##### Data for this exercise
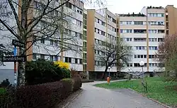 - ↑ Erhard Gstöttner, Christopher Buzas: Die Dornacher Straße und ein Sonderfall des Wohnbaus. In: Oberösterreichische Nachrichten. OÖ. Online GmbH & Co.KG, 26. Juni 2015, abgerufen am 17. Juli 2022.
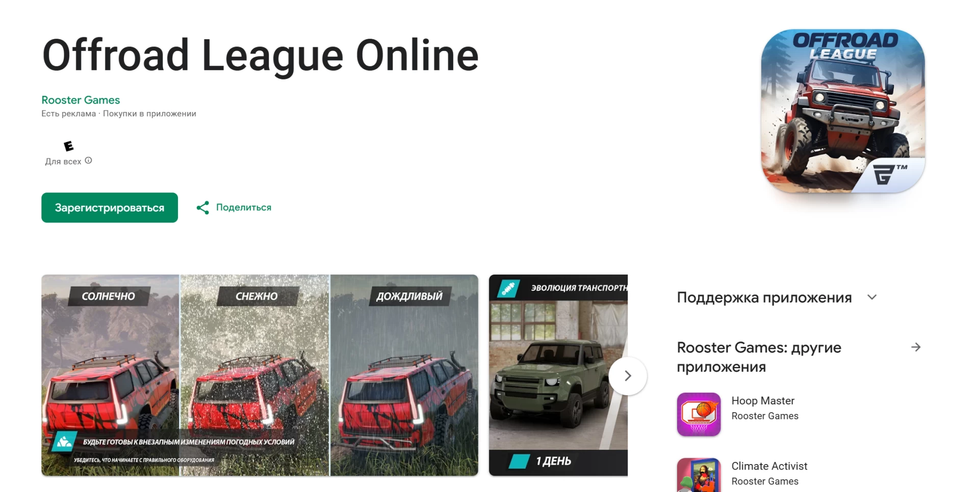 Для Offroad League Online появилась страница в Google Play с предрегистрацией. Пока можно поиграть в iOS-версию.
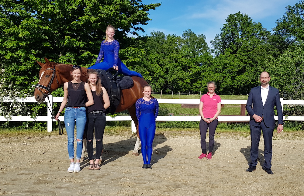 Auch wenn derzeit noch einige Vorgaben strengstens beachtet werden müssen und das Training noch nicht wieder dem vor dem Lockdown entspricht, ist man sich bei den Voltigierern einig, dass es nichts Schöneres gibt, als wieder vor Ort gemeinsam auf der Vereinsanlage zu trainieren. Davon konnte sich auch Stefan Hölzle von der Volksbank überzeugen, der der Einladung zu einem Besuch zum Training gerne folgte.
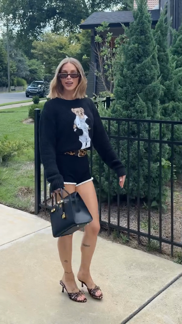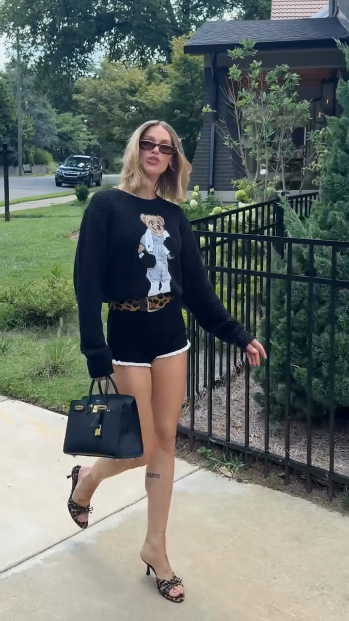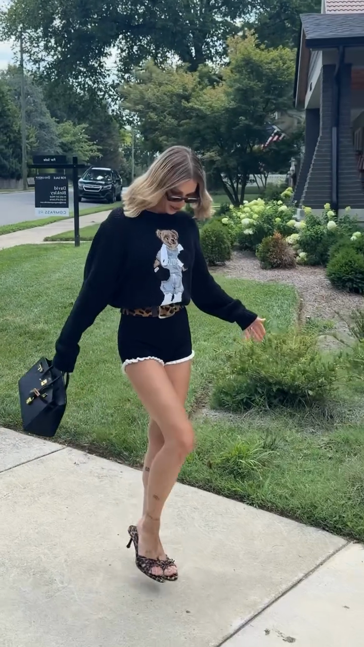 Teddy Bear Graphic Sweater & Shorts Set
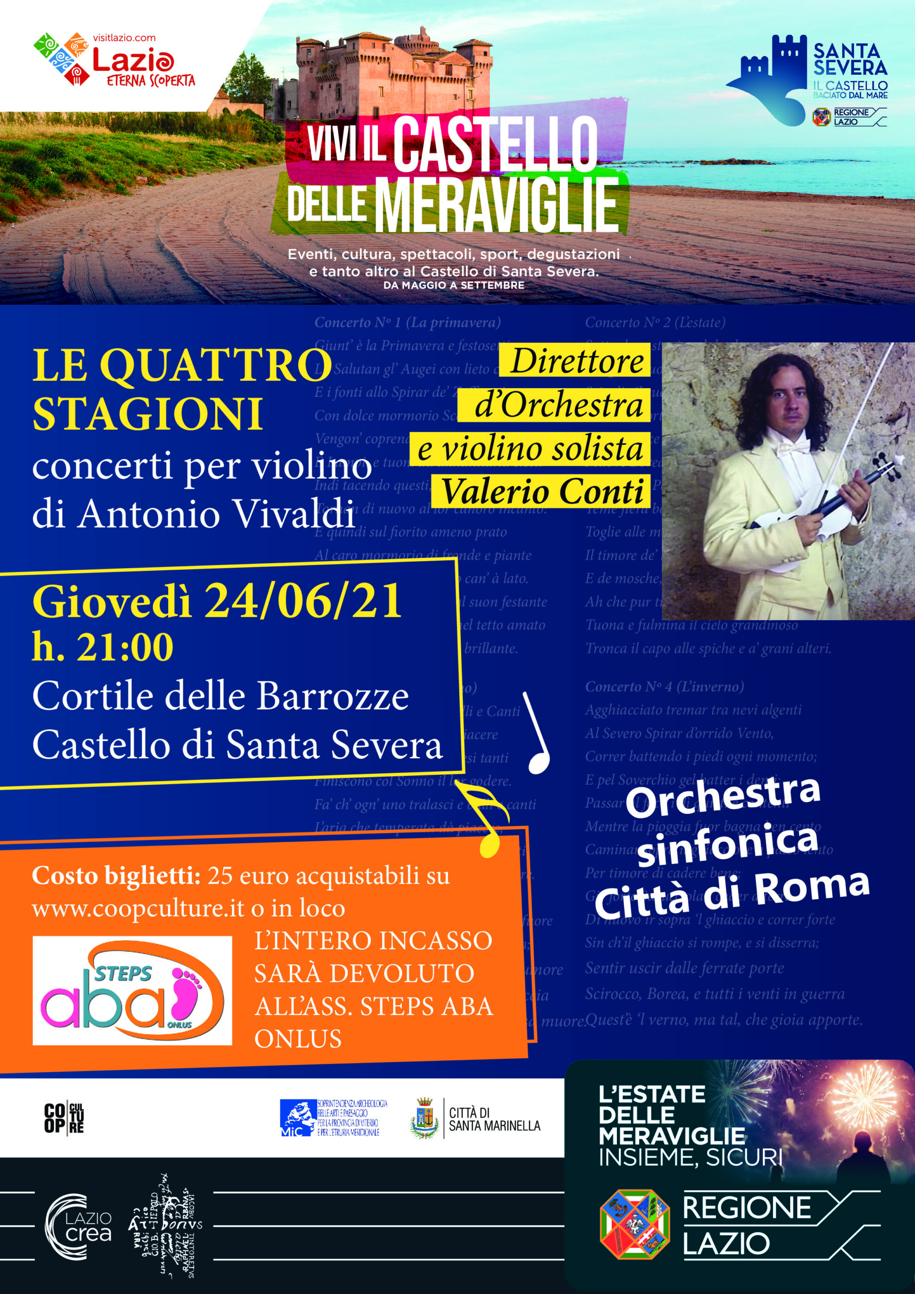 Giovedì 24 giugno alle 21.00 il gruppo da camera “ Musica Eccelsa”, in collaborazione con Orchestra Sinfonica Città di Roma, con direttore e solista Valerio Conti, eseguirà “Le Quattro Stagioni” di Antonio Vivaldi, tratte dalla raccolta di concerti Op 8 denominata Il Cimento dell’Armonia e dell’inventione.
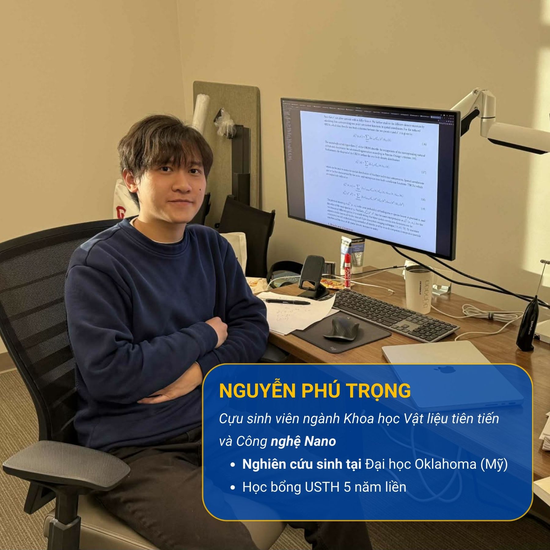 Gắn bó trọn vẹn 5 năm học tập tại USTH, tình yêu của Nguyễn Phú Trọng dành cho ngôi trường nhỏ nhắn nằm trong khuôn viên Viện Hàn lâm Khoa học và Công nghệ Việt Nam được bồi đắp từ một môi trường học thuật gần gũi, nơi thầy cô không chỉ là người hướng dẫn nghiên cứu mà còn là những người bạn “tâm giao”. Chính nền tảng ấy đã giúp cựu học viên ngành Khoa học vật liệu tiên tiến và Công nghệ Nano tự tin bước ra thế giới, tiếp tục chinh phục chân trời tri thức mới  tại Đại học Oklahoma (Mỹ) – một trong những trường đại học công lập danh tiếng hàng đầu nước Mỹ.
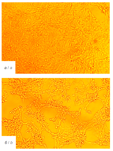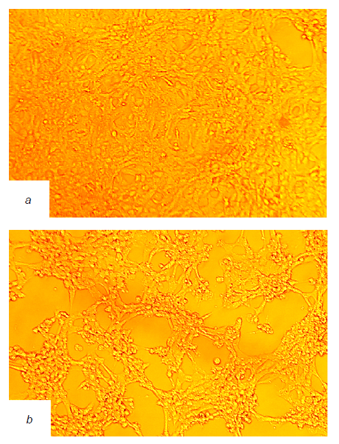 Fig. 2. Cytopathic effect of the Dubrovka-ca strain in the Vero cell culture at 23ºC (the 7th day after the infection). a — non-infected cells; b — Dubrovka-ca. MOI 0.001.
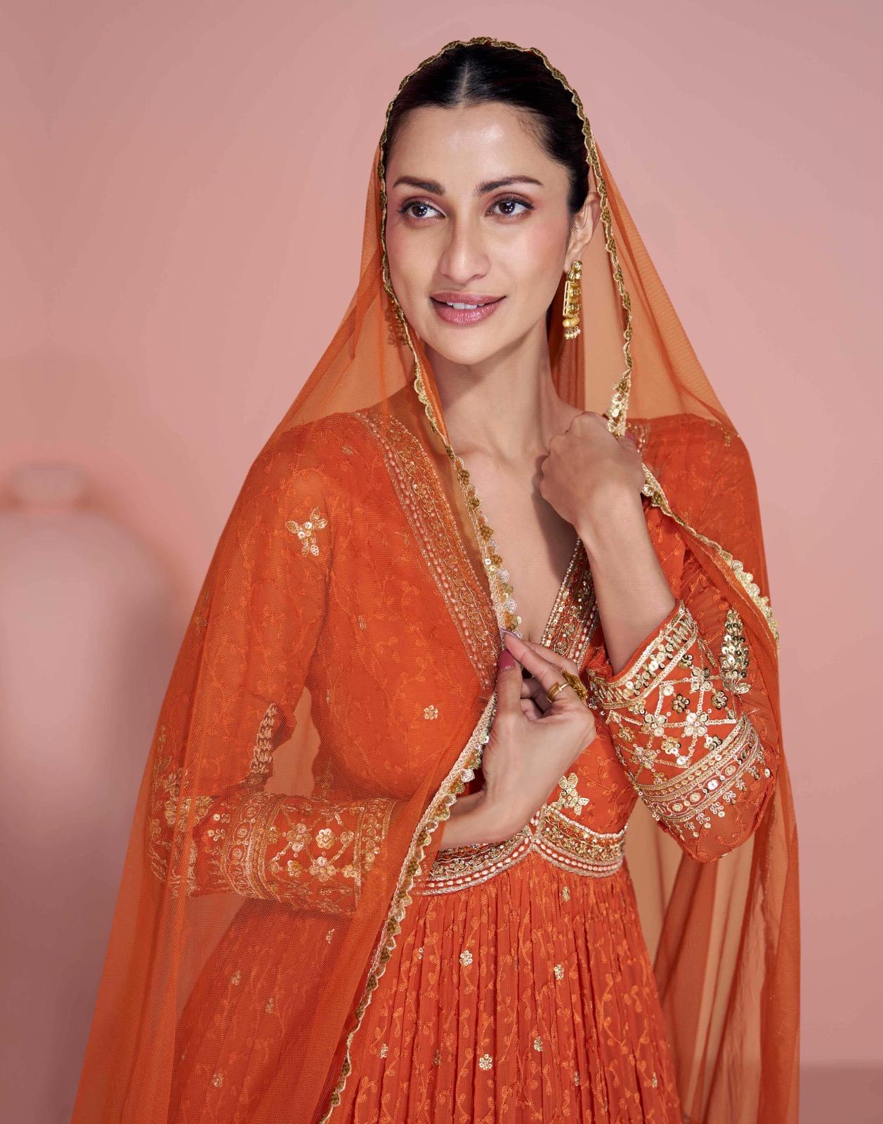 Gulkayra Designer Meenat Real Chinon Embroidered Wedding Wear Gown Set
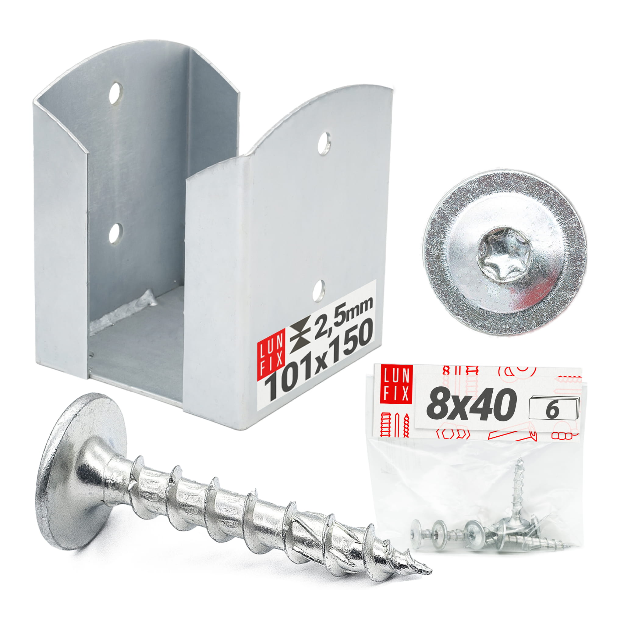 Sada obsahuje jednu šroubovací základnu U-sloupku o rozměrech 10 × 10 cm a šest ocelových šroubů 8 × 40 mm (rovněž pozinkovaných).
##########
** Assignment **
The first line of the entries, the line containing "Для Offroad League", and every line between them are to be output exactly; pictures are not.

** Exercise answer **
 - ↑ Erhard Gstöttner, Christopher Buzas: Die Dornacher Straße und ein Sonderfall des Wohnbaus. In: Oberösterreichische Nachrichten. OÖ. Online GmbH & Co.KG, 26. Juni 2015, abgerufen am 17. Juli 2022.
 Для Offroad League Online появилась страница в Google Play с предрегистрацией. Пока можно поиграть в iOS-версию.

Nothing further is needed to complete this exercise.